The Principles of Oliver Wendell Holmes 7

In 1918, this was the creed of a liberal. For the rights Holmes had in mind were “the right to property” and “liberty of contract,” rights which courts had, in the view of political progressives, invented in order to declare unconstitutional legislation intended to regulate the economic life. In Lochner (1905), for example, the Court had voided an act of the New York State legislature that limited, on grounds of public health, the number of hours employees could work in a bakery—a decision the majority based on the putative right, constructed out of the Fourteenth Amendment, to liberty of contract. Holmes, in his dissent, had argued not merely that the Fourteenth Amendment did not enact the liberty of contract, but that reading liberty of contract into the language of the Fourteenth Amendment short-circuited the very thing the law was supposed to allow for, which was the flexibility to adapt to circumstances as cir¬cumstances change. “A constitution is not intended to embody a particular economic theory,” as he put it, “whether of paternalism and the organic relation of the citizen to the state or of laissez faire. It is made for people of fundamentally differing views, and the acci¬dent of our finding certain opinions natural and familiar or novel and even shocking ought not to conclude our judgment upon the question whether statutes embodying them conflict with the Constitution of the United States.”

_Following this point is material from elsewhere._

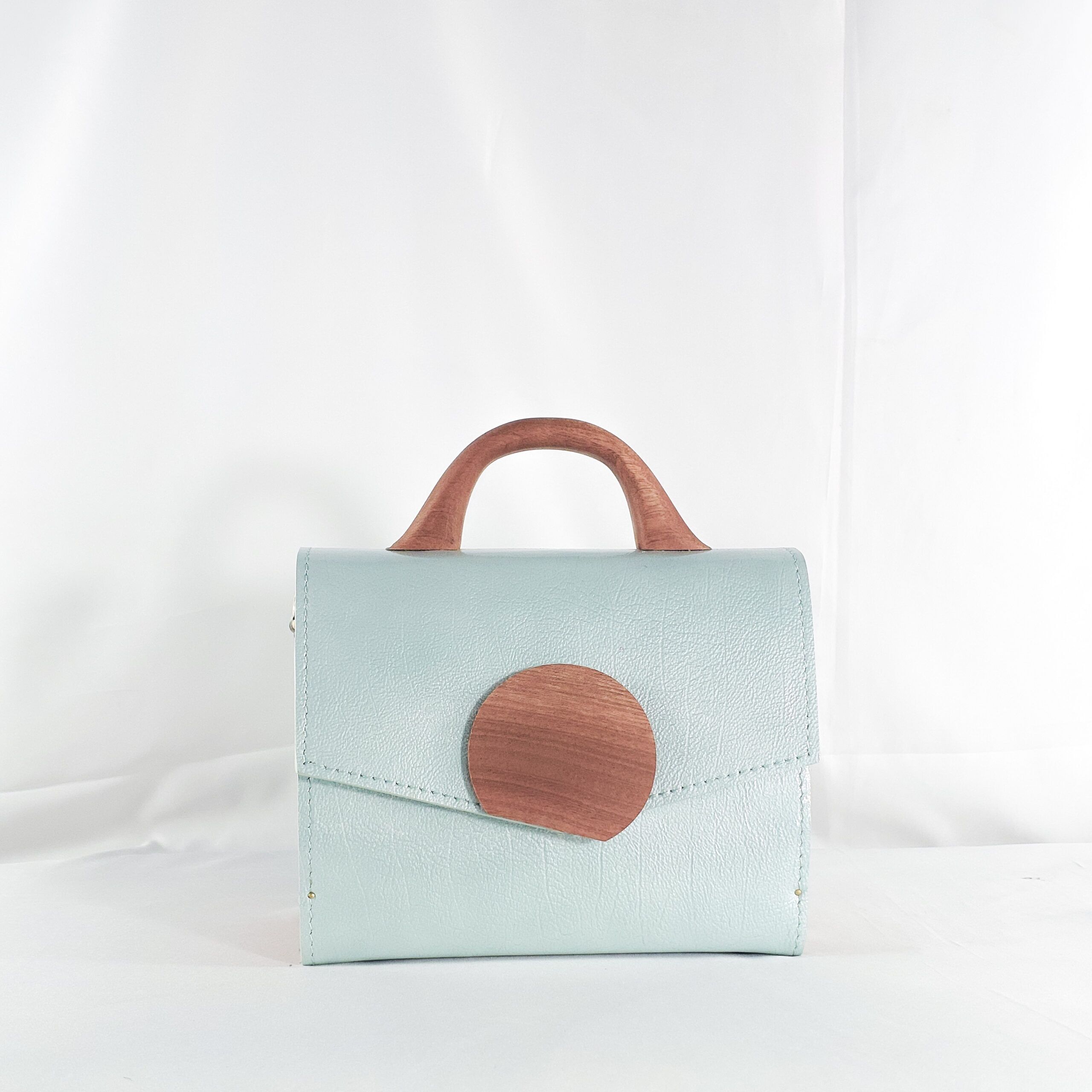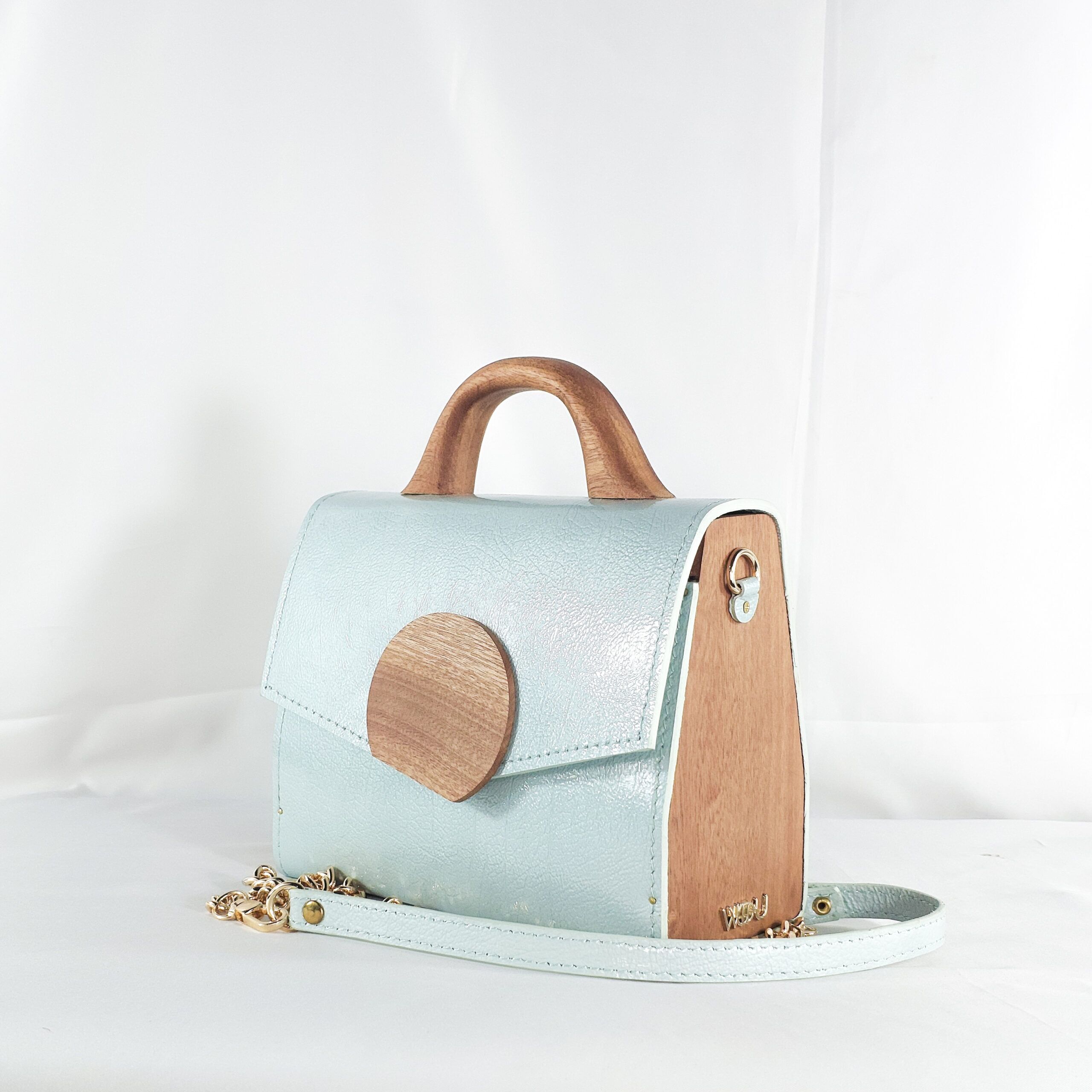 Delicately balanced between modern minimalism and earthy charm, this WUD.U top handle bag is a breath of fresh style. Wrapped in icy blue leather with a subtle texture, it offers a serene, airy presence. The gracefully curved wooden handle brings in organic contrast, while the circular wooden flap accent?polished to reveal rich natural grain?acts as a signature design element, not a clasp. Understated yet expressive, this piece complements both muted and bold outfits with quiet elegance. Sustainably handcrafted and designed to inspire, it’s a timeless accessory for those who lead with grace and grounded confidence.

This belief—that the Constitution is designed to allow the majority to experiment, at the expense of the interests of individuals, with different social theories and arrangements—made it easy for Holmes, in 1919, the year after his essay on “Natural Law” appeared, to write three opinions for the Court sustaining convictions under the Espionage Act. The convictions (one was a ten-year sentence for Eugene Debs) were for expressing opinions calculated to en-courage others to interfere with the American war effort—for example, by resisting the draft. They were cases, in other words, in which speech had been judged to constitute an incitement to a criminal act. It was in these opinions that Holmes formulated what has come to be known as the “clear and present danger” test for the prosecution of speech: “The question in every case is whether the words used are used in such circumstances and are of such a nature as to create a clear and present danger that they will bring about the substantive evils that Congress has a right to prevent,” he wrote, in Schenck v. United States. “It is a question of proximity and degree.” The “clear and present danger” test has received a good deal of criticism from commentators who find it insufficiently protective of speech—for example, Gerald Gunther, in his great biography Learned Hand: The Man and the Judge (1994). In 1919, Hand was at the beginning of his long career as a judge. His regard for Holmes was virtually unadulterated: he considered Holmes, he once said, “the epitome of all a judge should be.” But Hand thought that Holmes’s formulation in Schenck was too broad. Two years earlier, Hand had written an opinion, in Masses Publishing Co. v. Patten, enjoining the New York postmaster from refusing to circulate, because of its antiwar sentiments, Max Eastman’s journal the Masses, arguing that speech can constitutionally be suppressed or punished only when the words used explicitly counsel a violation of the law. The Masses, he believed, was being persecuted for its politics under cover of what would otherwise be an acceptable state effort to prevent interference with the war effort. “To assimilate agitation, legitimate as such, with direct incitement to violent resistance,” Hand said, “is to disregard the tolerance of all methods of political agitation which in normal times is a safeguard of free government.” (His decision was quickly overturned.)
Hand believed that his construction provided narrower and more “objective” grounds for the prosecution of speech than Holmes’s did; and in conversations and letters, he tried to convince Holmes to adopt it. Holmes was persuaded (by Hand and others) to regard some prosecutions under the Espionage Act as unconstitutional, as he did the following term in the Abrams case; but he was never persuaded to adopt Hand’s formula, and he even claimed not to see Hand’s point. “I don’t know what the matter is, or how we differ,” he complained in a reply to one of Hand’s letters. The matter was that under Holmes’s rule, liability hinges on the probability that the evils Congress wishes to prevent will happen as a consequence of the speech in question, and this probability cannot be merely a function of the “objective” meaning of the words uttered. It is not strictly a matter of meaning, in Holmes’s formulation; it is a matter of proximity and degree. I may counsel resistance to the draft in the shower as explicitly as I like (as Hand, of course, would have conceded). But out of the shower and before an audience of potential conscripts, I may communicate the same advice in language that never quite reaches the level of explicitness Hand’s test requires, but that has the intended effect nonetheless. There are many ways to skin, linguistically, a cat. Gunther is correct to claim that Hand’s formula is much more speech-protective than Holmes’s. But Holmes’s is much more language-sensitive. Holmes’s theory of free speech rests on the assumption that informed Holmes’s whole approach to liability generally, which is that the community can, given the facts, judge when speech crosses the line of expression and becomes incitement. Whether this is an attractive theory or not from a civil libertarian point of view, it is consistent with Holmes’s belief that experience conditions language (and everything else) in unpredictable ways. We don’t know in advance what words will constitute an illegal incitement and what words will not. We have to measure the intent of the speech by Holmes’s usual standards: by context and experience.